However, it wasn't until more recently that OAES researchers began to learn of Oklahoma's unique position to make use of biologicals. These are parasites that already exist in grain elevators and thus do not have to be reared, purchased, shipped, or otherwise handled. They learned that Oklahoma's frequent combination of summer heat, dryness, winds, and other climatic factors favor the parasitoids, and grain owners have only to be careful not to damage populations of the beneficial insects in order to gain good stored grain insect control.

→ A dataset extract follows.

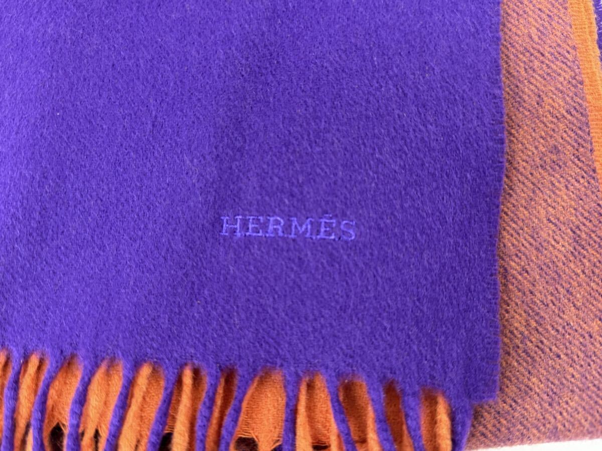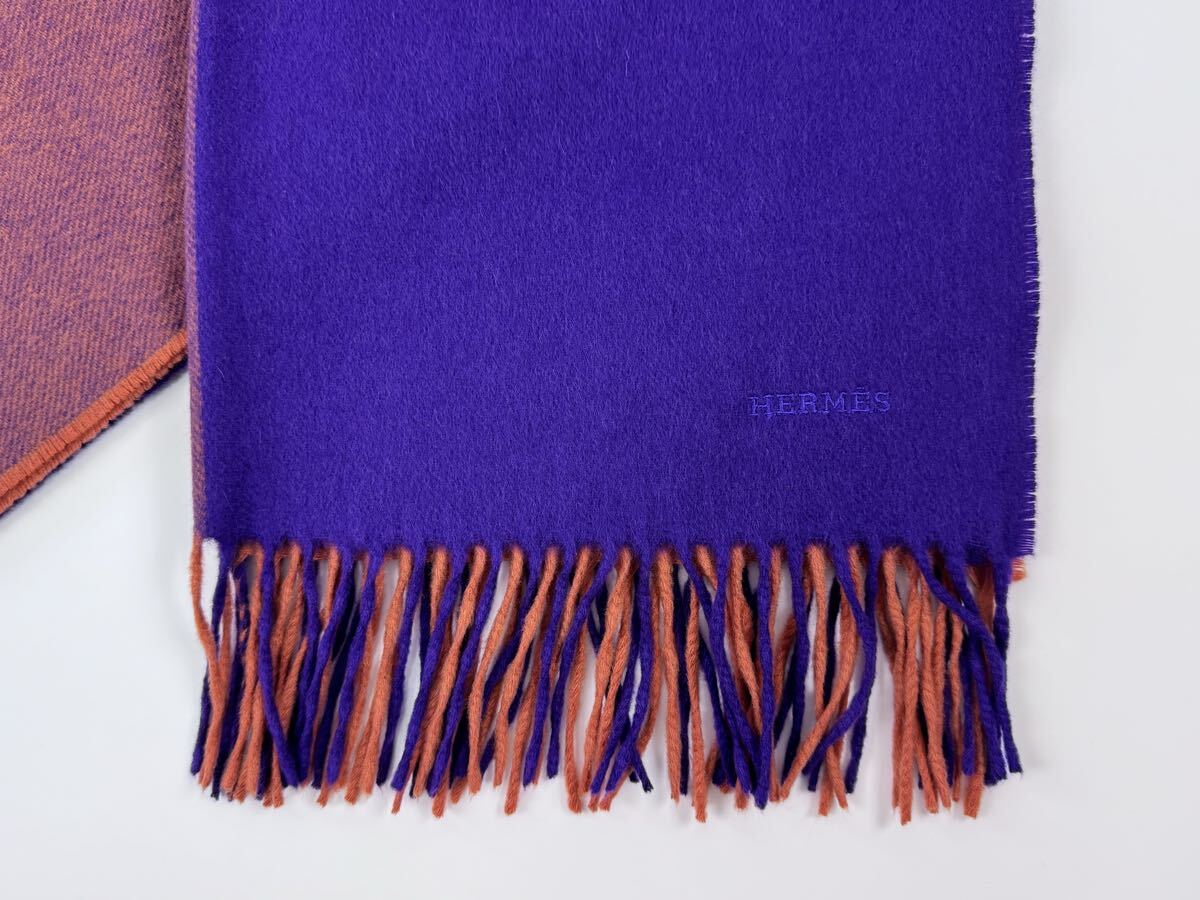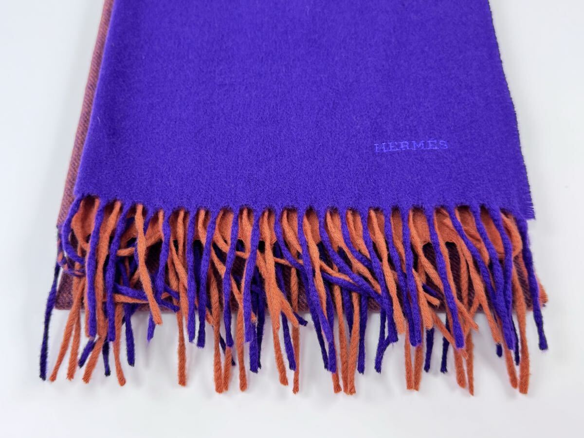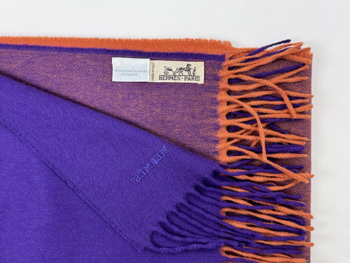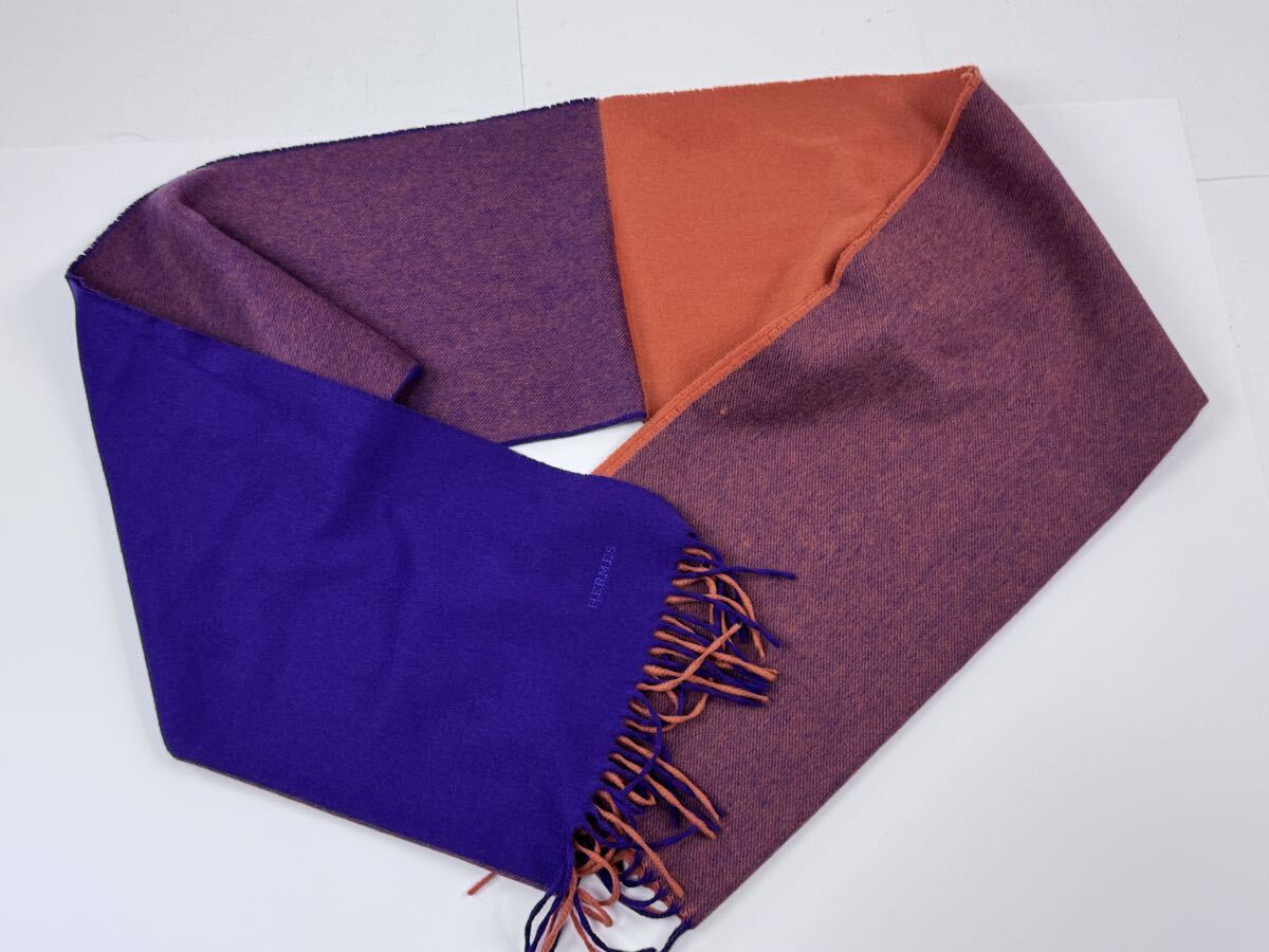 エルメス 大判 ストール マフラー カシミヤ100 バイカラー オレンジ パープル | |||

Studies continue on the best ways to manage the stored grain for economical and adequate control of these pests.

Boll Weevil Control

Surveying Eradication Possibilities

As it turns out, Oklahoma's climate and close management will be important factors in controlling another important insect--the boll weevil. OAES entomologists, agricultural economists, agricultural engineers, and USDA scientists conducted a survey of the pending boll weevil eradication program as far as how it will affect Oklahoma. Researchers say they approached the survey feeling that it would not be all that economically feasible here, but they changed their thinking after viewing the data.

Using Efficiency Models

Geographic and water efficiency models were used to help map every acre of Oklahoma cotton land and develop predictions of the boll weevil eradication program on them. Because of Oklahoma's dryness, and then because of it's penchant for becoming very wet very rapidly, management and timing will be imperative to successfully meet eradication goals while being conscientious of the environment. With careful management, however, Oklahoma cotton producers will benefit from the program.

Evapo-Transpiration

Developing a Monitoring System

Huge quantities of water evaporate from on and under the earth's surface every day, but we don't pay a lot of attention to it because it can't be seen as it occurs. OAES agricultural engineers and soil scientists are paying attention. In fact, they are working to develop a system for monitoring the evapo-transpiration from the earth to the atmosphere over large land areas.

Measuring Lost Water

Using devices called weighing lysimeters located in the four quadrants of the state, the researchers can actually measure the amount of water lost from the soil in a given space of time. The lysimeters are tanks placed in a field with the same soil, plants, and cultural conditions within it as are found in the surrounding area. Whatever happens to soil in the lysimeter also is happening to soil in the surrounding area.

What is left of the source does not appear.